5 Data collection and analysis (Quantitative research)

5.7 Quantitative data analysis

5.7.2 Analysis of gender and age group differences

Some scholars have evidenced that gender and age differences exist in the context of technology adoption (Wang, Wu, Wang, 2009; Venkatesh et al., 2012). Therefore, non-parametric tests, i.e. the Mann–Whitney U-test and the Kruskal Wallis Test were used to test respectively whether there were gender or age differences in the population. Non-parametric tests were used because the data sample size was relatively small and researchers often disagree as to whether Likert scale data can be considered as normally distributed. Non-parametric tests are more robust in these circumstances as they make no assumption as to the distribution of the parent population and can be applied to smaller samples of data. (Norman, 2010; Alexander, William & Frances, 2005).

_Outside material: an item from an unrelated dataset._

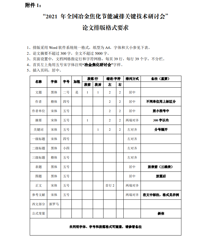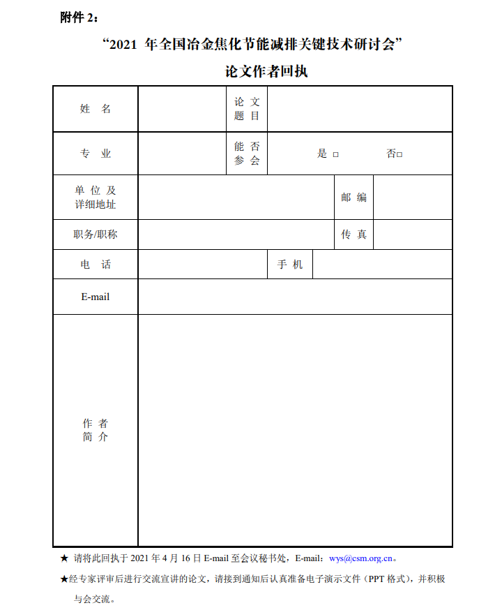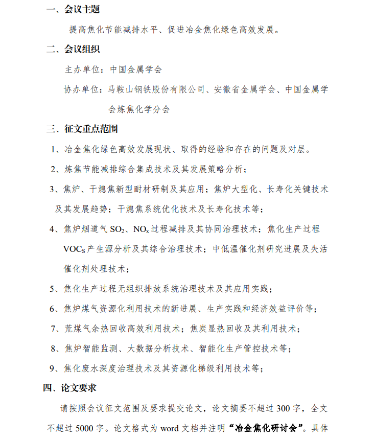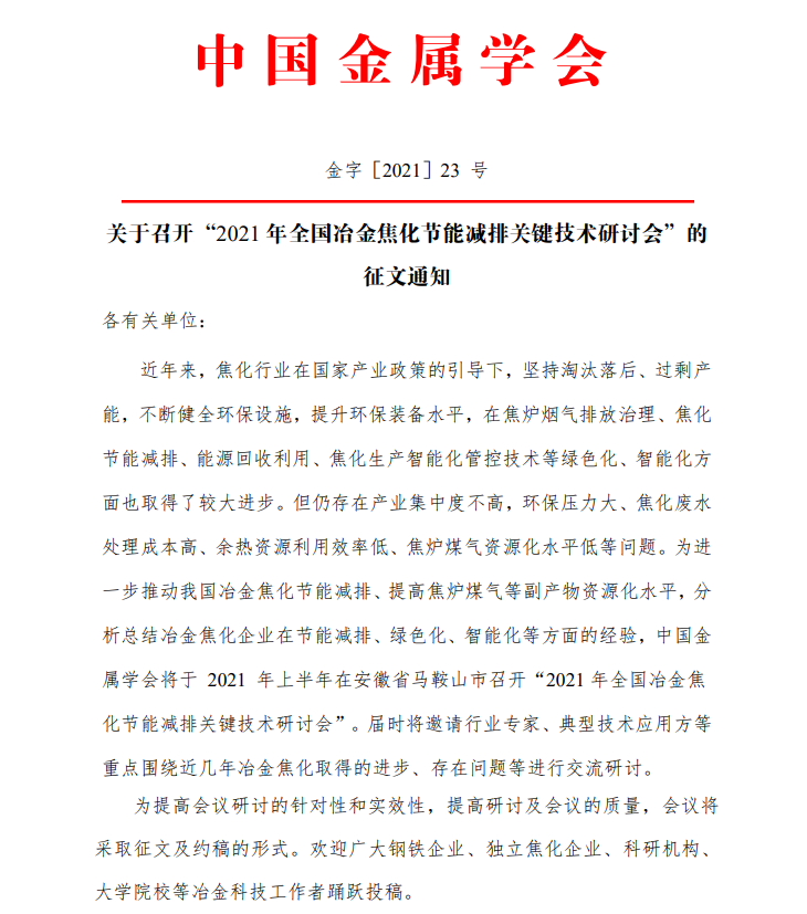 关于召开“2021年全国冶金焦化节能减排关键技术研讨会”的征文通知

The Mann–Whitney U-test was chosen for investigating gender because there were two gender groups whereas the Kruskal Wallis Test was chosen for investigating age group difference because there were the three age groups (Alexander, William & Frances, 2005). Though the sample sizes were different in terms of age group or gender, the Mann–Whitney U-test and the Kruskal Wallis Test could be used to test the difference in gender (Mann & Whitney, 1947; Breslow, 1970).

5.7.2.1 Gender difference

The hypotheses of gender difference in the scores of seven independent variables were as follows.

Hypothesis 1

 H0: There is no significant gender difference in the scores for performance

expectancy.

 HA: There is a significant gender difference in the scores for performance

expectancy. Hypothesis 2

 H0: There is no significant gender difference in the scores for effort

expectancy.

 HA: There is a significant gender difference in the scores for effort expectancy.

Hypothesis 3

 H0: There is no significant gender difference in the scores for hedonic

motivation.

 HA: There is a significant gender difference in the scores for hedonic

motivation. Hypothesis 4

 H0: There is no significant gender difference in the scores for habit.

 HA: There is a significant gender difference in the scores for habit.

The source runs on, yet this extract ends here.